Dataset records

+ + +

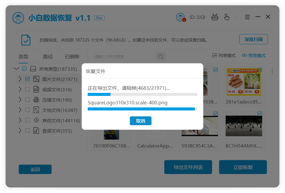 5、打開列表,勾選出要恢復的文件,點擊立即恢復。
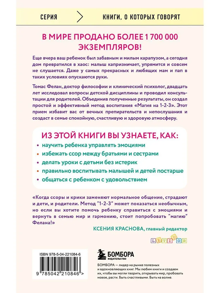 Еще вчера ваш ребенок был забавным и милым карапузом, а сегодня дом превратился в место военных действий: малыш капризничает, упрямится и совсем не слушается. Даже у самых прекрасных и любящих мам и пап в таких условиях опускаются руки. Томас Фелан, доктор философии и клинический психолог, двадцать лет исследовал вопросы детской дисциплины и проводил консультации для родителей. Объединив полученные результаты, он создал простой и эффективный метод воспитания «Магия на 1—2—3». Этот прием избавит вас от вечных препирательств и непослушания и создаст в семье спокойную, счастливую и здоровую атмосферу.
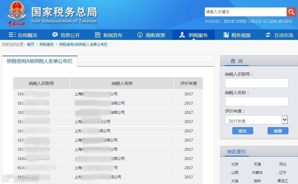 3.清空查询条件,选择相应地区,即可查看到当地所有A级纳税人名单。
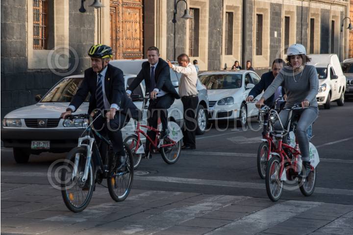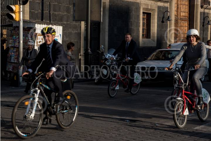 CIUDAD DE MÉXICO, 19ABRIL2017.- Miguel Ángel Mancera Espinosa, jefe de gobierno y Tania Muller, secretaria de medio ambiente, llegaron en bicicleta a la inauguración del Sexto Foro Mundial de la Bicicleta. FOTO: TERCERO DÍAZ /CUARTOSCURO.COM
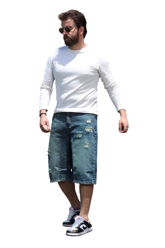 شورت جينز بأرجل واسعة للرجال، لون أزرق زيتي
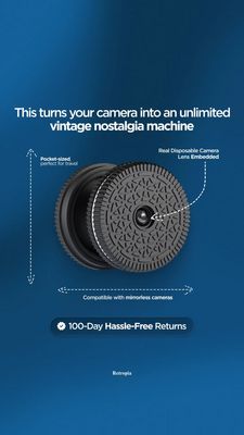 Questo template in formato Story è pensato per promuovere un accessorio fotografico compatto che regala alle mirrorless un look “usa e getta” dal gusto vintage. L’impostazione è pulita e molto mobile-first: sfondo blu in gradiente, prodotto in primo piano al centro con un close-up tecnico e tridimensionale, headline grande in bianco nella parte alta che comunica subito il beneficio (“trasforma la tua camera in una macchina della nostalgia”). Intorno al prodotto ci sono frecce tratteggiate e callout brevi che evidenziano tre punti chiave: dimensioni tascabili per il viaggio, lente integrata stile disposable e compatibilità con fotocamere mirrorless. In basso, un badge a pillola con “100‑Day Hassle‑Free Returns” funziona da rassicurazione e abbassa la barriera all’acquisto, perfetto per la fase di considerazione. A livello strategico combina nostalgia, curiosità e aspirazione: l’utente immagina subito scatti di viaggio più “iconici” e vuole capire l’effetto. Personalizzalo cambiando render, claim e callout (attacco, resa, filtri/effetti) oppure sostituendo il badge con garanzia, bundle o prova senza rischi.

+ + +

(Problem to solve): Only the lines above starting with the line with "3.清空查询条件,选择相应地区,即可查看到当地所有A级纳税人名单。" and going on through the line with "شورت جينز بأرجل واسعة للرجال، لون أزرق زيتي" belong in the answer; repeat them exactly, minus any picture.

(Output below):
 3.清空查询条件,选择相应地区,即可查看到当地所有A级纳税人名单。
 CIUDAD DE MÉXICO, 19ABRIL2017.- Miguel Ángel Mancera Espinosa, jefe de gobierno y Tania Muller, secretaria de medio ambiente, llegaron en bicicleta a la inauguración del Sexto Foro Mundial de la Bicicleta. FOTO: TERCERO DÍAZ /CUARTOSCURO.COM
 شورت جينز بأرجل واسعة للرجال، لون أزرق زيتي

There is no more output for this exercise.